**Collected data entries:**
☆ ☆ ☆ ☆ ☆ ☆ ☆
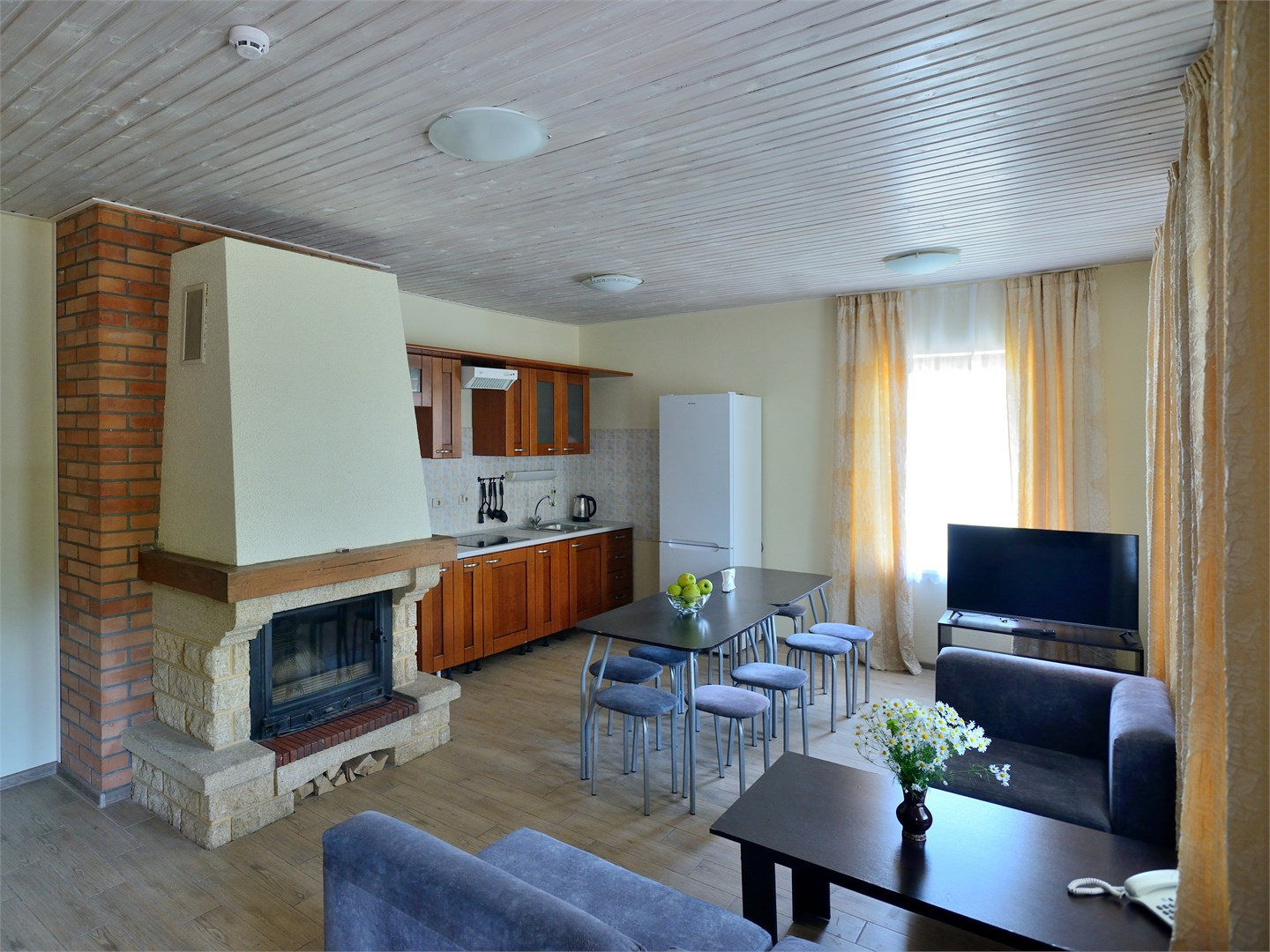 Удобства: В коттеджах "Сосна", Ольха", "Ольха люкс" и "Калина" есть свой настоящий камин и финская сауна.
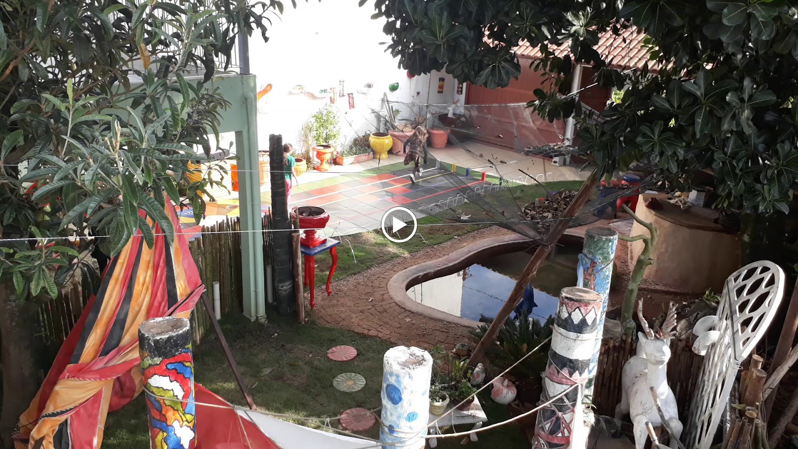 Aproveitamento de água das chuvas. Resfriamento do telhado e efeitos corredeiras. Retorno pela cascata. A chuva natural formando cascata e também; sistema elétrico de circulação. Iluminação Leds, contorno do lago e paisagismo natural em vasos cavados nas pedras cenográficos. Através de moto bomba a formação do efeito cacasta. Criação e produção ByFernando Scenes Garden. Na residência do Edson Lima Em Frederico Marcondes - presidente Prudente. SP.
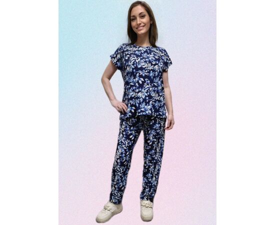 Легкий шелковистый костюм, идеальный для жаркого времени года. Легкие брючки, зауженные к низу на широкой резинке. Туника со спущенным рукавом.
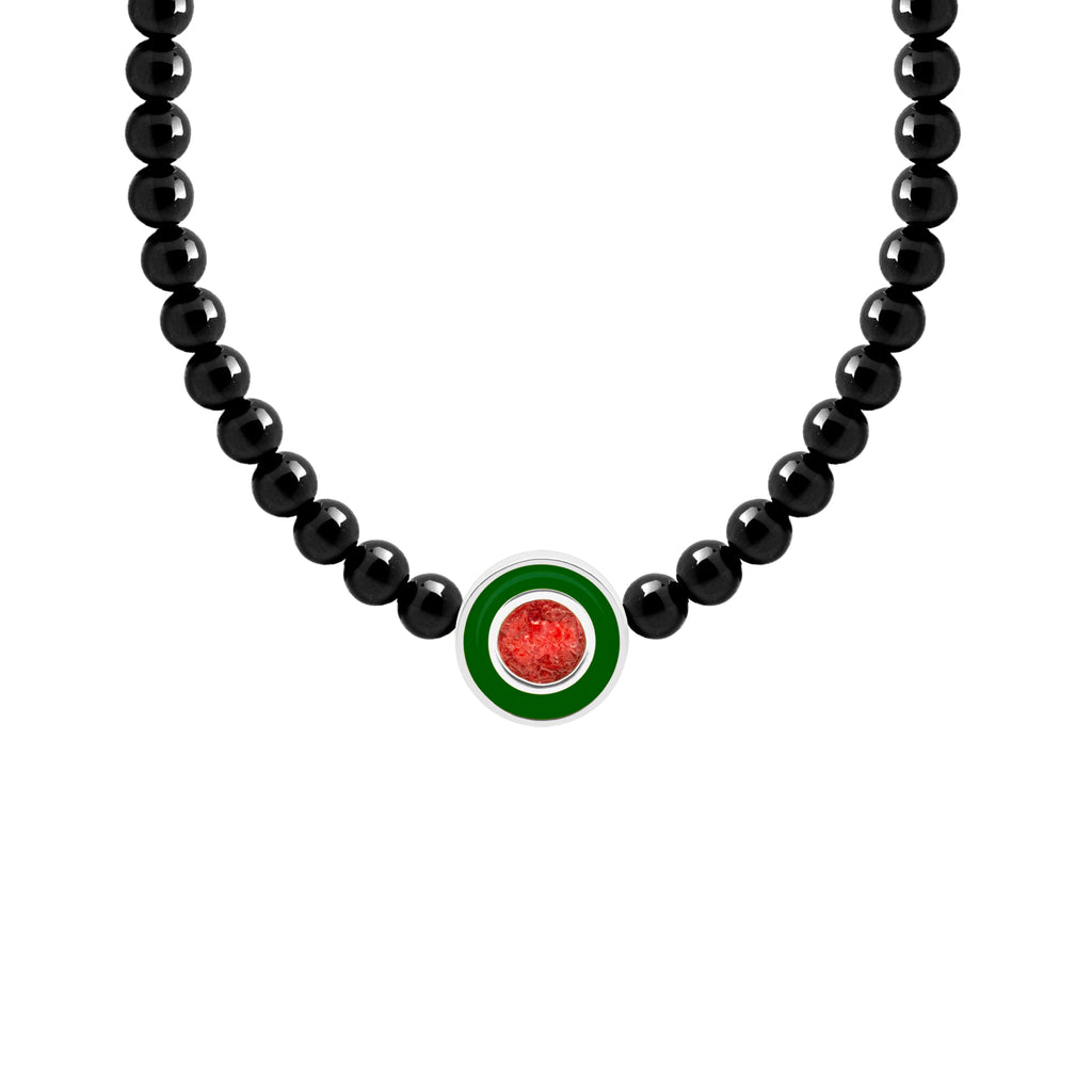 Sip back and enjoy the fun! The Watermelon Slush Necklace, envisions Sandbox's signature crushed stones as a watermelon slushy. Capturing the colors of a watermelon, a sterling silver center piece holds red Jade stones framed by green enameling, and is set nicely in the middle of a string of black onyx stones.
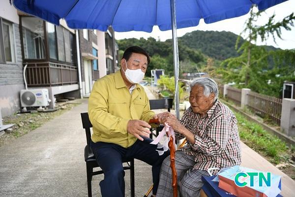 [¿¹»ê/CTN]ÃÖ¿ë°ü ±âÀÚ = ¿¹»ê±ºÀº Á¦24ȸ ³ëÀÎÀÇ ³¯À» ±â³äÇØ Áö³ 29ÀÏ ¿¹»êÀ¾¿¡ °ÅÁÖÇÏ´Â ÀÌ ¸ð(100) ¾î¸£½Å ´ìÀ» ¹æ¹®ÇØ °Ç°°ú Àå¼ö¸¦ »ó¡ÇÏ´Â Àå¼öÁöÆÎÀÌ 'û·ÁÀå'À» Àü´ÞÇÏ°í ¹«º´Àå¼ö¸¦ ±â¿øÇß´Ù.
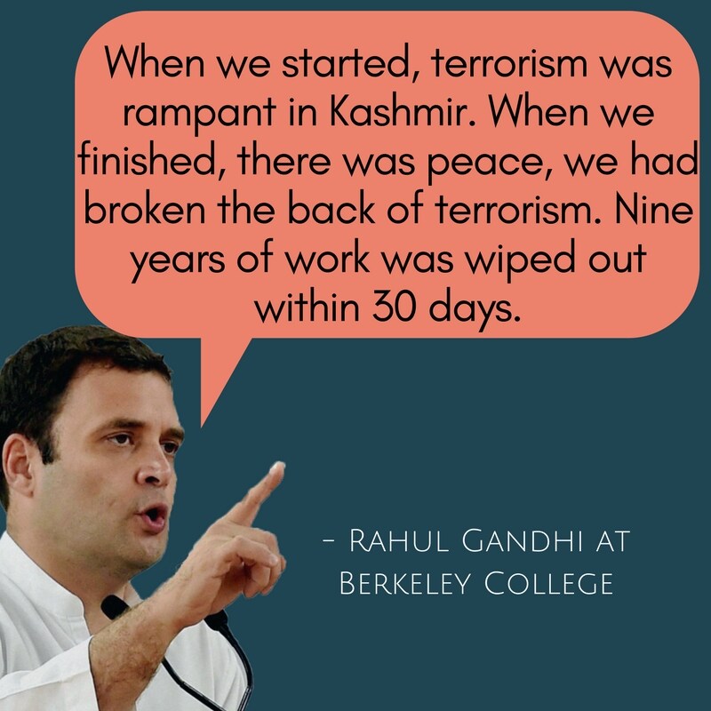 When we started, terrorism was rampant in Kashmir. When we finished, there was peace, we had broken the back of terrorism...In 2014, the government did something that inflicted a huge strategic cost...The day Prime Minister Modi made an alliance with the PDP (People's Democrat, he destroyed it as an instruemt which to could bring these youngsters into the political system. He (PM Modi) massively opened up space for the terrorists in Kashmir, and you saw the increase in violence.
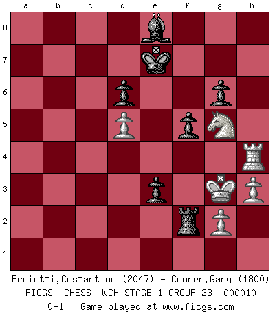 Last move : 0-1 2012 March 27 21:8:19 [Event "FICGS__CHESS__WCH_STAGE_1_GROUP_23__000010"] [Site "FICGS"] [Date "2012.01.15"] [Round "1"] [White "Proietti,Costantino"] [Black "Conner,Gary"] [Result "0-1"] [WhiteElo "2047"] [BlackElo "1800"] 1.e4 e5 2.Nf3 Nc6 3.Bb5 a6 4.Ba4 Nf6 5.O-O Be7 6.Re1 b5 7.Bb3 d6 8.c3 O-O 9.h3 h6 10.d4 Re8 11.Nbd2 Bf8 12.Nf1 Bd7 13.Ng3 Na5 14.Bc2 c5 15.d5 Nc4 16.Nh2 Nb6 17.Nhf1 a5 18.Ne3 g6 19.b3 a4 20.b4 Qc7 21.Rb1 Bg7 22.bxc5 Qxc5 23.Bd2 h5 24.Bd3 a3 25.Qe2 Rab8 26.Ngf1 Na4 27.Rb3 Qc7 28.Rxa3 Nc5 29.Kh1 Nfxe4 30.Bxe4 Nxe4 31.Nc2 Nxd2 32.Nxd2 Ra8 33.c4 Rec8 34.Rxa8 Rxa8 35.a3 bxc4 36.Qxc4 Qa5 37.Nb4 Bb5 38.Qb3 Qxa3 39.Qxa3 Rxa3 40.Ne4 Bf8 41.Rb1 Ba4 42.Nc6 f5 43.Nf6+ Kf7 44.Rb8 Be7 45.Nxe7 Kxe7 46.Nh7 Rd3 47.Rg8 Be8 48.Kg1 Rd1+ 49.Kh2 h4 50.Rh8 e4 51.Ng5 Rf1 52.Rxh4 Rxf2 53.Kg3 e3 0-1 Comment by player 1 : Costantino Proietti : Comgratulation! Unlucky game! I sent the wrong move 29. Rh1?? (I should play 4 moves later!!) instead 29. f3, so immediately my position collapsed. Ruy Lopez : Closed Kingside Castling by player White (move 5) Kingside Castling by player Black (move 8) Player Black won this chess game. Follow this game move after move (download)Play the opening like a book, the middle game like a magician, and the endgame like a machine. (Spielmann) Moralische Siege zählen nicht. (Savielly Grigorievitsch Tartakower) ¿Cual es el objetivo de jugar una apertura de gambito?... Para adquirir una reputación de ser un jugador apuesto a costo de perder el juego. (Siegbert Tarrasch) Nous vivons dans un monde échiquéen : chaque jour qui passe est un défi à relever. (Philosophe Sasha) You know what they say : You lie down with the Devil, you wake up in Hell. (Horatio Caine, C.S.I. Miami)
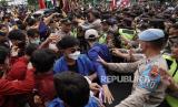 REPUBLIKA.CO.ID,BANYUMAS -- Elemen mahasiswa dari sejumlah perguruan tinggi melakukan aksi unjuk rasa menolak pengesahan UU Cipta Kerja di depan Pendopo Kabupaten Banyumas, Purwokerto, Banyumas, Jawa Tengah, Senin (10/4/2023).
☆ ☆ ☆ ☆ ☆ ☆ ☆
**EXERCISE DIRECTIONS:** The answer must consist solely of the lines from the first line of the records through the line containing "When we started, terrorism", reproduced exactly and without the pictures.

**ANSWER SPACE:**
 Удобства: В коттеджах "Сосна", Ольха", "Ольха люкс" и "Калина" есть свой настоящий камин и финская сауна.
 Aproveitamento de água das chuvas. Resfriamento do telhado e efeitos corredeiras. Retorno pela cascata. A chuva natural formando cascata e também; sistema elétrico de circulação. Iluminação Leds, contorno do lago e paisagismo natural em vasos cavados nas pedras cenográficos. Através de moto bomba a formação do efeito cacasta. Criação e produção ByFernando Scenes Garden. Na residência do Edson Lima Em Frederico Marcondes - presidente Prudente. SP.
 Легкий шелковистый костюм, идеальный для жаркого времени года. Легкие брючки, зауженные к низу на широкой резинке. Туника со спущенным рукавом.
 Sip back and enjoy the fun! The Watermelon Slush Necklace, envisions Sandbox's signature crushed stones as a watermelon slushy. Capturing the colors of a watermelon, a sterling silver center piece holds red Jade stones framed by green enameling, and is set nicely in the middle of a string of black onyx stones.
 [¿¹»ê/CTN]ÃÖ¿ë°ü ±âÀÚ = ¿¹»ê±ºÀº Á¦24ȸ ³ëÀÎÀÇ ³¯À» ±â³äÇØ Áö³ 29ÀÏ ¿¹»êÀ¾¿¡ °ÅÁÖÇÏ´Â ÀÌ ¸ð(100) ¾î¸£½Å ´ìÀ» ¹æ¹®ÇØ °Ç°°ú Àå¼ö¸¦ »ó¡ÇÏ´Â Àå¼öÁöÆÎÀÌ 'û·ÁÀå'À» Àü´ÞÇÏ°í ¹«º´Àå¼ö¸¦ ±â¿øÇß´Ù.
 When we started, terrorism was rampant in Kashmir. When we finished, there was peace, we had broken the back of terrorism...In 2014, the government did something that inflicted a huge strategic cost...The day Prime Minister Modi made an alliance with the PDP (People's Democrat, he destroyed it as an instruemt which to could bring these youngsters into the political system. He (PM Modi) massively opened up space for the terrorists in Kashmir, and you saw the increase in violence.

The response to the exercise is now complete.